Limitar a coordenação modular à resolução do projeto de produção das vedações em alvenaria e, sobretudo, da alvenaria estrutural, cria um sistema que tem como marca principal a permanência da compartimentação. É um método fundamentalmente oposto ao sistema de suportes, por exemplo, que usa coordenação modular para articular uma compartimentação flexível (HABRAKEN, 2000, p. 18).

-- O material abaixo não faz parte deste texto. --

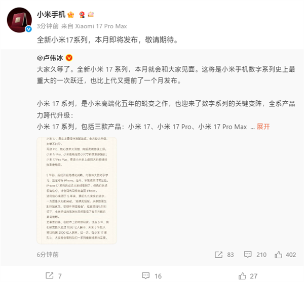 快科技9月15日消息,卢伟冰发文正式官宣,小米17系列本月发布,将是小米手机数字系列史上最重大的一次跃迁。

É interessante, quanto a isso, resgatar uma crítica feita por Habraken sobre a industrialização da construção habitacional da década de 1960 na Holanda, que parece pertinente ao momento atual do Brasil. O autor relata que o programa do Governo para enfrentar o déficit habitacional foi, a princípio, bem-sucedido. Era uma solução razoável a um problema emergencial e teve êxito econômico porque foi bem organizado e aplicado em larga escala. Todavia, segundo ele, a produção massificada de arquitetura passou a ser usada de forma crescente e se converteu na norma para todas as situações. A uniformidade era defendida como um mal necessário para alcançar uma produção mais eficiente, mas, o que a princípio foi uma medida de emergência, havia se convertido em paradigma (HABRAKEN, 2000, p. 7-9).

Na verdade, sobre a situação brasileira, a crítica a ser feita não é acerca da aplicação da alvenaria como sistema estrutural ou de vedação. O julgamento reside sobre dois pontos principais: a) a prevalência de estudos que transformam a alvenaria racionalizada em paradigma de coordenação modular; b) a rigidez na compartimentação resultante, que agrava o problema principal que é a miniaturização dos espaços.